--- Provided data ---
'''

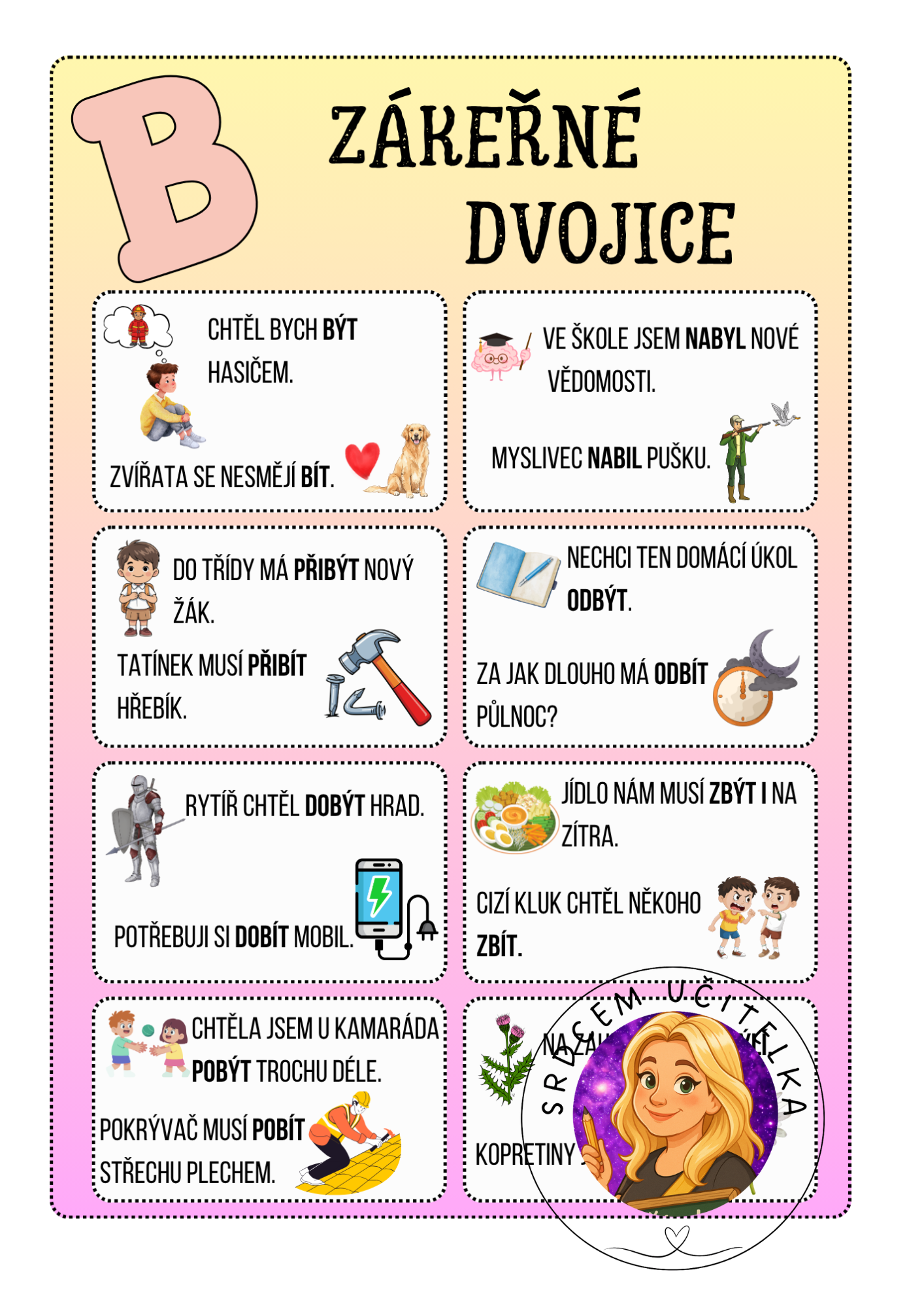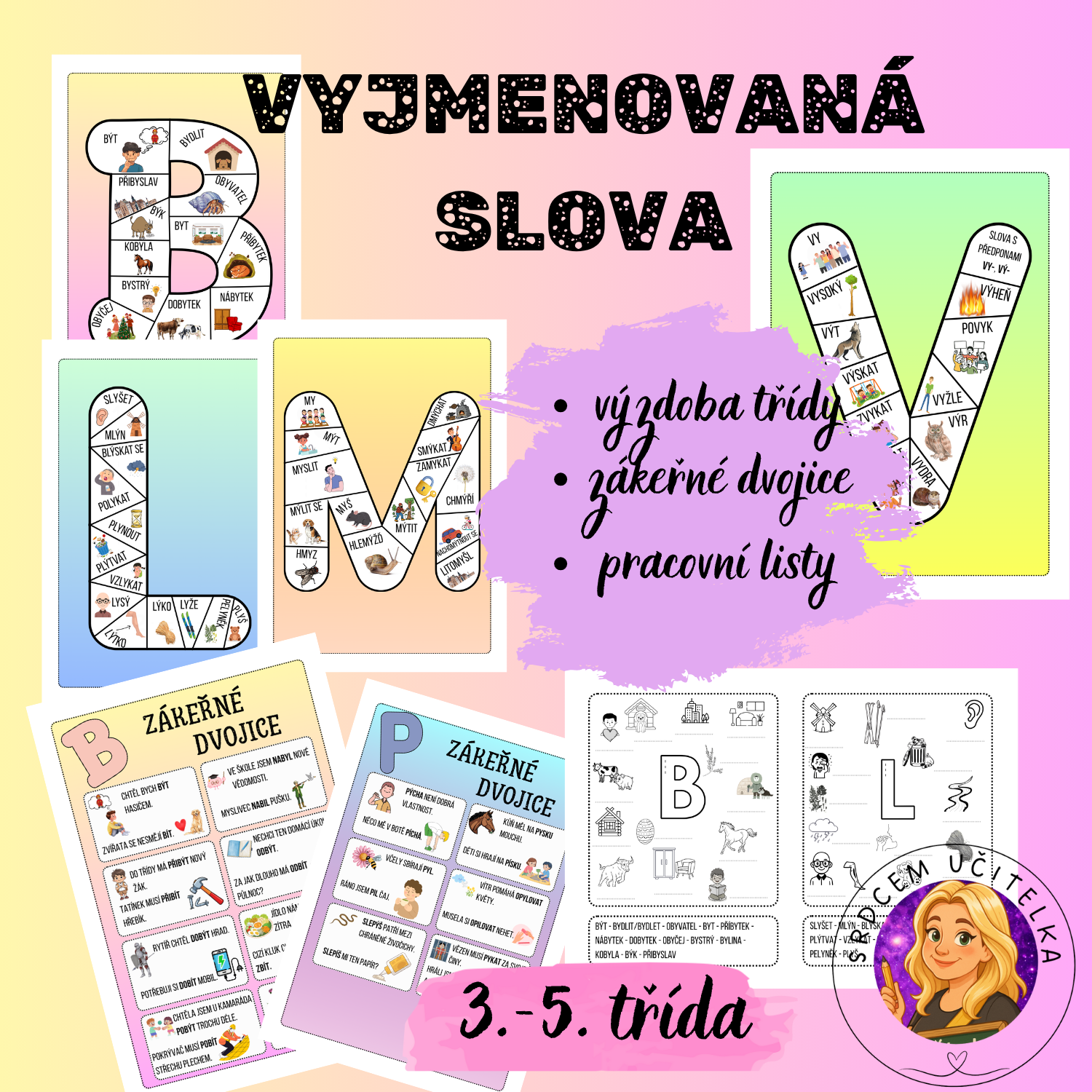 Materiál k vyjmenovaným slovům, který ušetří čas, zpřehlední výuku a zároveň děti baví. Materiál je koncipovaný tak, aby podporoval pochopení významů slov, procvičování i práci v sešitě.
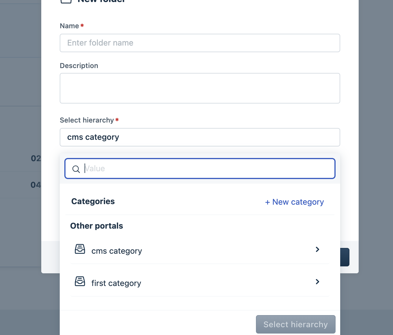 Cleanup portal related labels from folder modal/bulk update dropdown
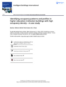 Alfalah, B., Shahrestani, M. ORCID: https://orcid.org/0000-0002-8741-0912 and Shao, L. ORCID: https://orcid.org/0000-0002-1544-7548 (2023) Identifying occupancy patterns and profiles in higher education institution buildings with high occupancy density – a case study. Intelligent Buildings International Journal, 15 (2). pp. 45-61. ISSN 1750-8975 doi: 10.1080/17508975.2022.2137451
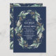 Romantic Greenery Wreath Navy Blue Fall Wedding Invitation
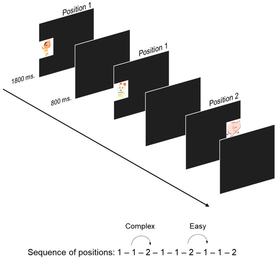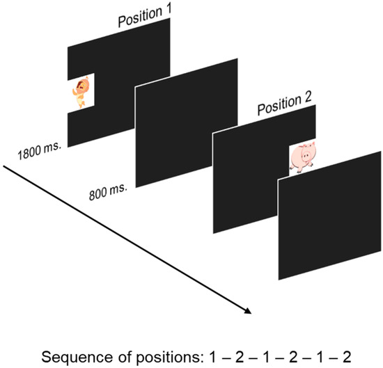A modification of the sequence was introduced in the 9 months version of the task in order to introduce a distinction between easy (unambiguous; context-free) and complex (ambiguous; context-dependent) trials. Again, stimuli were presented in the central left (position 1) and central right side (position 2) of the screen in a fixed sequence (1-1-2 [74]; see Figure 2). Infants were presented a total of 48 trials, with the initial 9 trials being considered as practice trials (18.75% of total trials), while the remaining 39 trials were considered experimental. In this version, position 1 was repeated two times in a row before position 2. This particular sequence (1-1-2) allows us to distinguish between anticipations in which the next stimulus position could be unambiguously predicted (i.e., position 2 is always followed by position 1) or ambiguously predicted (i.e., position 1 could be followed by position 1 if it is the first occurrence in the sequence, or by position 2 if it is the second). For ambiguous trials, infants would be required to engage in context monitoring processes in order to keep track of the previous position to the current one to correctly anticipate the next stimulus location.
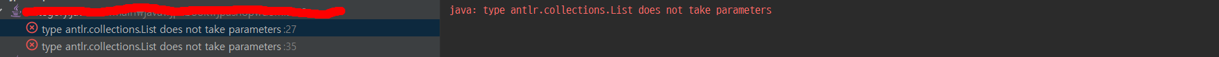 보통은 불편함을 조금이라도 해소하려고 AutoImport를 켜두고 단축키를 사용해서 빠르게 import를 진행하는데, 항상 그렇듯이 문제가 되기 전까지는 습관적으로 하는 것들이 참 많은 것 같다. 그 중 오늘은 정말 무의식적으로 하던 자동 임포트인데, 어느순간 계속 List 컬렉션을 사용하는 쪽에 빨간줄이 가기 시작했다. 우선은 인강에서도 다른 부분들에 빨간줄이 가기에 그냥 아 뭐 별거 아닌가보다 실행하면 별 이상 없이 되겠지, 인텔리제이에서 그냥 놓치지 않게 체크해주는 것이구나 하고 넘겼다. 그러나 실행을 했을 때는 java: type antlr.collections.List does not take parameters 같은 오류가 발생했다. 처음 보는 것이기에 처음에는 뭐가 문제인지도 몰랐다.
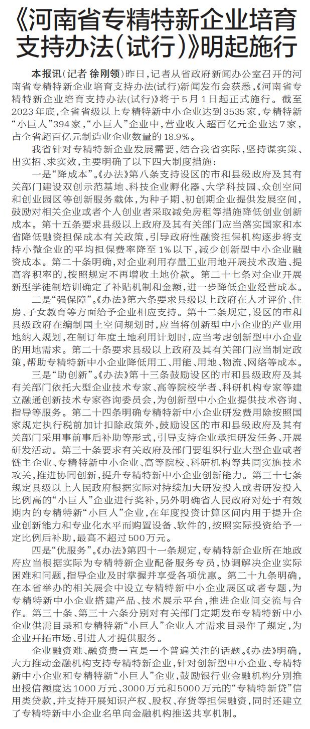 《河南省专精特新企业培育支持办法(试行)》明起施行
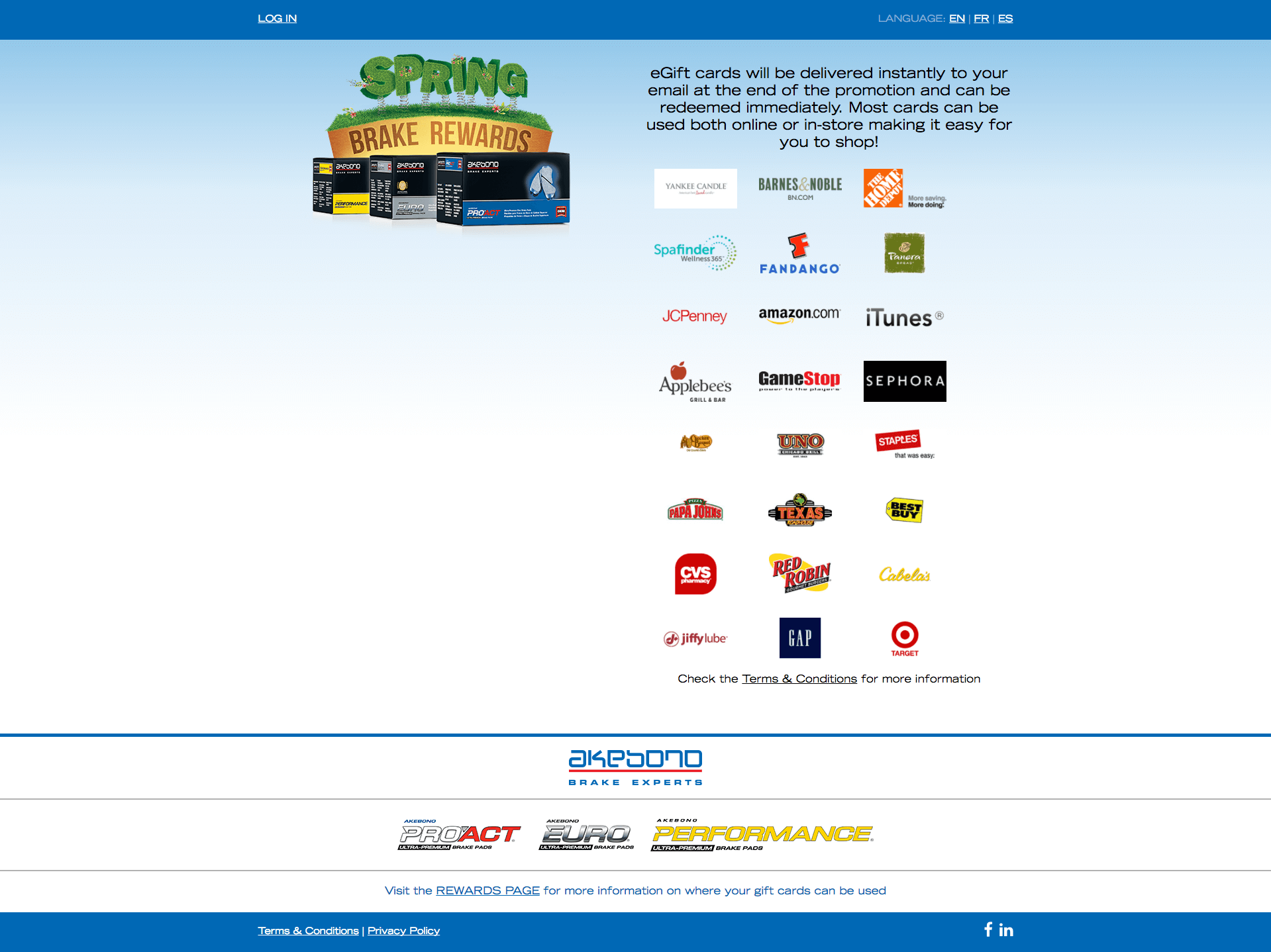Akebono launched a re-seller rebate program that targeted sales personnel across all retailers carrying Akebono brakes. Each individual sales person was rewarded on a monthly basis with AMEX gift cards based upon the quantity and SKU of brake packages sold.

'''

--- Your task ---
Your copy should hold the lines from the one with "Alfalah, B., Shahrestani, M." up to and including the one with "보통은 불편함을 조금이라도", exactly as in the data above, and no pictures.

--- Exercise result ---
 Alfalah, B., Shahrestani, M. ORCID: https://orcid.org/0000-0002-8741-0912 and Shao, L. ORCID: https://orcid.org/0000-0002-1544-7548 (2023) Identifying occupancy patterns and profiles in higher education institution buildings with high occupancy density – a case study. Intelligent Buildings International Journal, 15 (2). pp. 45-61. ISSN 1750-8975 doi: 10.1080/17508975.2022.2137451
 Romantic Greenery Wreath Navy Blue Fall Wedding Invitation
A modification of the sequence was introduced in the 9 months version of the task in order to introduce a distinction between easy (unambiguous; context-free) and complex (ambiguous; context-dependent) trials. Again, stimuli were presented in the central left (position 1) and central right side (position 2) of the screen in a fixed sequence (1-1-2 [74]; see Figure 2). Infants were presented a total of 48 trials, with the initial 9 trials being considered as practice trials (18.75% of total trials), while the remaining 39 trials were considered experimental. In this version, position 1 was repeated two times in a row before position 2. This particular sequence (1-1-2) allows us to distinguish between anticipations in which the next stimulus position could be unambiguously predicted (i.e., position 2 is always followed by position 1) or ambiguously predicted (i.e., position 1 could be followed by position 1 if it is the first occurrence in the sequence, or by position 2 if it is the second). For ambiguous trials, infants would be required to engage in context monitoring processes in order to keep track of the previous position to the current one to correctly anticipate the next stimulus location.
 보통은 불편함을 조금이라도 해소하려고 AutoImport를 켜두고 단축키를 사용해서 빠르게 import를 진행하는데, 항상 그렇듯이 문제가 되기 전까지는 습관적으로 하는 것들이 참 많은 것 같다. 그 중 오늘은 정말 무의식적으로 하던 자동 임포트인데, 어느순간 계속 List 컬렉션을 사용하는 쪽에 빨간줄이 가기 시작했다. 우선은 인강에서도 다른 부분들에 빨간줄이 가기에 그냥 아 뭐 별거 아닌가보다 실행하면 별 이상 없이 되겠지, 인텔리제이에서 그냥 놓치지 않게 체크해주는 것이구나 하고 넘겼다. 그러나 실행을 했을 때는 java: type antlr.collections.List does not take parameters 같은 오류가 발생했다. 처음 보는 것이기에 처음에는 뭐가 문제인지도 몰랐다.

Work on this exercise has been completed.